%%%%%%%%%%%%%%%%%%%%%%%%%%%%%%%%%%%%%%%%%%%%%%%%%%%%%%%%%%%%%%%%%%%%%%%%%%%
% README for data.csv (Tabi et al 2023)
%%%%%%%%%%%%%%%%%%%%%%%%%%%%%%%%%%%%%%%%%%%%%%%%%%%%%%%%%%%%%%%%%%%%%%%%%%%

We analyzed 479 sampled communities from 299 sites around the planet from the Reef Life Survey (RLS) database (Edgar et al, 2020) comprising population data from more than 1,500 non-benthic marine species with individual body size information. Body size was measured as biomass and data were aggregated by year. We included only sampling sites in our analysis, which were surveyed more than once per year. This decision is based on a prior rarefaction analysis that we conducted to assess the impacts of sampling effort from the RLS database due to the noisiness of one sampling event in species richness.
We collected weekly sea surface temperature (SST) from NOAA's (National Oceanic and Atmospheric Administration) remote sensing database. In our analysis, we used the sum of thermal stress anomalies (TSA), calculated as the number of events when the average difference between weekly SST and the maximum weekly climatological SST was above 1 degree Celsius between 1982 and 2019. The distribution of warm-water coral reef was obtained from UNEP-WCMC World Fish Centre database. The average trophic level of species was obtained from Fishbase database. Finally, the information on marine protected areas was obtained from UNEP-WCMC and IUCN Protected Planet database. The information on human population density was obtained from Gridded Population of the World. The human population density was quantified as humans/Km2 in a 25-km radius around the sampling site. Lastly, we used the regression coefficient between log biomass and log of average body sizes as a measure of community structure.
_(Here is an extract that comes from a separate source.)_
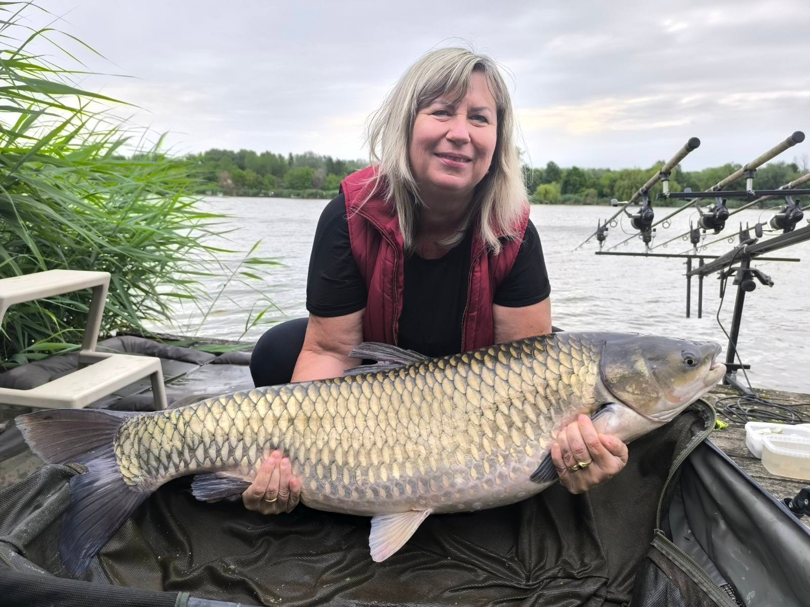 3 m-es 2,0 lbs bot, 0,35-ös monofil zsinór, 4-es horog. Tigrismogyoró csali és etetés. Napos idő, 20 perces fárasztás csónakból.

The "data.csv" file contains all raw data used to calculate the final results in the "results.csv" file. The variables and their definitions in "results.csv" are the following: 

site_code --> character string with site codes 
year -->  sampling year
ID --> the combination of site codes and sampling year
latitude --> latitude of site
longitude --> longitude of site
site_name --> name of site
ecoregion --> ecoregion of site
realm --> realm of site
area --> area name of site
sr --> number of species 
sampling_effort --> number of samples in the respective year
Reg_BS_BM_coef --> Linear regression coefficient between log average body size and log species biomass 
Reg_BS_BM_pvalue --> The p-value of the linear regression coefficient between log average body size and log species biomass 
rho_bs_tl --> Spearman's correlation coefficient between log average body size and average trophic level
rho_bs_tl_pvalue --> The p-value of the Spearman's correlation coefficient between log average body size and average trophic level 
cwm_size --> Community-weighted mean of average body sizes (weighted by abundance)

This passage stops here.